5 of 251 comments (clear)

  1. Maintenance? by simp · · Score: 5, Insightful

    Great. And who will keep these clever systems up and running 24h * 365days? And who will troubleshoot it when it malfunctions?

    The more complicated the systems are the more people are needed to keep it running.

  2. Hurry! by dignome · · Score: 5, Funny

    It's not too late to destroy the machines. I'm content with going back to the cave, who's with me!

  3. What they really mean by Anonymous Coward · · Score: 5, Funny

    Look out for /etc/crontab

    It will take your job from you!

  4. hee, hee by cascadingstylesheet · · Score: 5, Interesting

    My first civilian job, I worked with a tech writer
    who would make technical illustrations by *manually*
    deleting centerlines and such from AutoCAD drawings
    before exporting the images.

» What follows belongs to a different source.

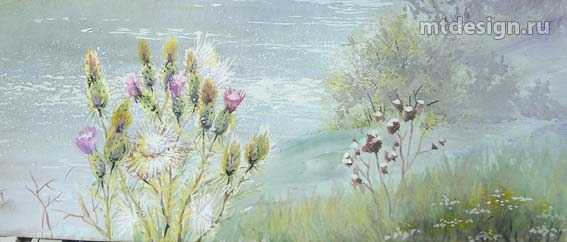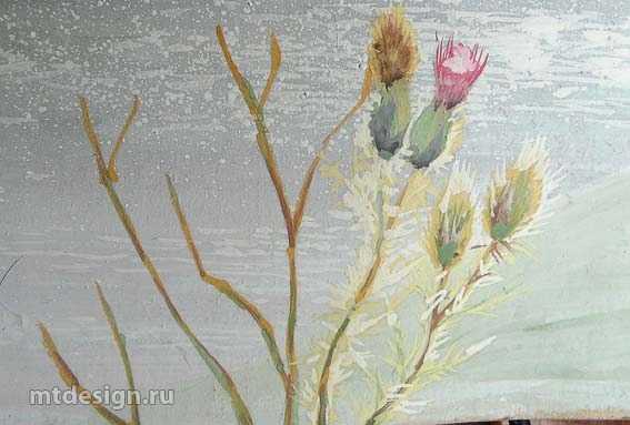 сделаем репейник пушистым, подальше нарисуем засохшую ветку и мелкие цветочки:

Said it was great
    mindless work to rest his brain.

    When I showed him how to turn off layers, his eyes
    got huge. "Don't tell anybody that! We'll lose our
    overtime!"

  5. Re:what to do? by mangu · · Score: 5, Interesting
    The chasm between the haves and have-nots will will widen.


    But even the life of the have-nots will be better. The poorest beggar in the world today is safe from smallpox, which even the richest people died from in the past. And even a refrigerator box is better than whatever shelter a beggar could get a hundred years ago.


    Do we become a socialist welfare state


    Something like that. What made communism inviable was the fact that wealth is finite. When productivity increases enough, people start giving things away. We get "free" email accounts with 100Mb capacity because the investment per account is just $0.10. Food productivity is so high that the goverment must buy and stock some farming products to raise the price.


    The future I see is one where few things will be valuable. Real estate is one of them. Corporations are trying to raise the value of intellectual property, but I think it's obvious they will fail in the long run. For a while, arts and sports will be valuable skills, until art becomes fully automated and anyone can become a super-athlete, thanks to medical progress. In the end, we will either have the ultimate communist state, where wealth is distributed evenly by law, or we will the ultimate feudalist state, where the only wealth is owning land, acquired by inheritance. But the poorest serf will have a much better standard of living than any of us has today.